Tres hombres son condenados por tráfico sexual y explotación de menores en Palm Beach County
Las víctimas eran tres adolescentes que habían escapado de hogares de crianza; los acusados las explotaban para obtener ganancias económicas

CONDADO PALM BEACH, Florida. — Tres residentes de Palm Beach County fueron sentenciados en un tribunal federal por participar en una red de tráfico sexual y explotación de tres adolescentes que habían huido del sistema de hogares de acogida, informó este lunes la Fiscalía Federal para el Distrito Sur de Florida.
Los condenados fueron identificados como Antonio Michel, de 36 años y residente de Delray Beach, quien recibió una sentencia de 15 años de prisión tras declararse culpable de tráfico sexual de una menor; Jaime Figueroa, de 36 años y residente de Boynton Beach, sentenciado a 19 años y siete meses de prisión luego de declararse culpable de producir material de abuso sexual infantil; y Raymond Jean, de 46 años y residente de Greenacres, quien fue condenado a 12 años de prisión por tráfico sexual de una menor.

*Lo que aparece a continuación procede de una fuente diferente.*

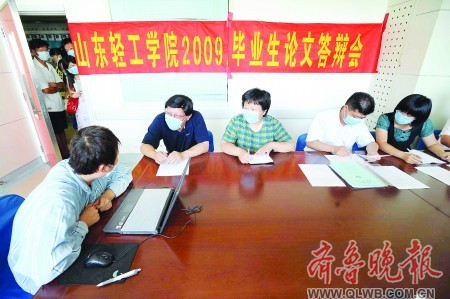 24日上午9點45分,一條標(biāo)有“山東輕工學(xué)院2009畢業(yè)生論文答辯會”的紅色橫幅掛在山大二院血液科會議室里,山輕工食品與生物工程學(xué)院的五位老師戴著藍色口罩一字排開,坐在一張長條桌的一側(cè)。張萍穿著住院服,戴著口罩在同學(xué)彭愛琴的攙扶下來到會議室。

La investigación estuvo a cargo de Homeland Security Investigations (HSI) West Palm Beach y del Grupo de Trabajo contra la Trata de Personas de la Oficina del Sheriff del Condado de Palm Beach (PBSO).
De acuerdo con los documentos judiciales, los tres hombres identificaron y captaron a tres adolescentes que habían escapado del sistema de cuidado temporal. Aprovechándose de su corta edad, su situación de vulnerabilidad y la ausencia de apoyo familiar, las transportaban, alojaban y explotaban sexualmente con fines comerciales para obtener beneficios económicos.
Según la Fiscalía, Antonio Michel, frecuentemente acompañado por Raymond Jean, trasladaba a las víctimas hacia hoteles, moteles y otros lugares donde se realizaban actos sexuales comerciales. Además, alquilaba y pagaba múltiples habitaciones utilizadas para facilitar la explotación de las menores.
Por su parte, Jaime Figueroa dirigía a las adolescentes sobre cuánto debían cobrar por los encuentros sexuales y cómo debían realizarlos. Las autoridades indicaron que también les suministraba regularmente crack durante el tiempo que duró el esquema de explotación y recibía el dinero obtenido por las víctimas.
Tras el arresto de Figueroa, agentes federales registraron su teléfono celular y encontraron evidencia de que había producido material de abuso sexual infantil en el que aparecía una de las menores explotadas.
Las autoridades federales señalaron que el caso forma parte de los esfuerzos conjuntos para combatir la trata de personas y proteger a menores en situación de riesgo, especialmente aquellos que desaparecen del sistema de hogares de acogida.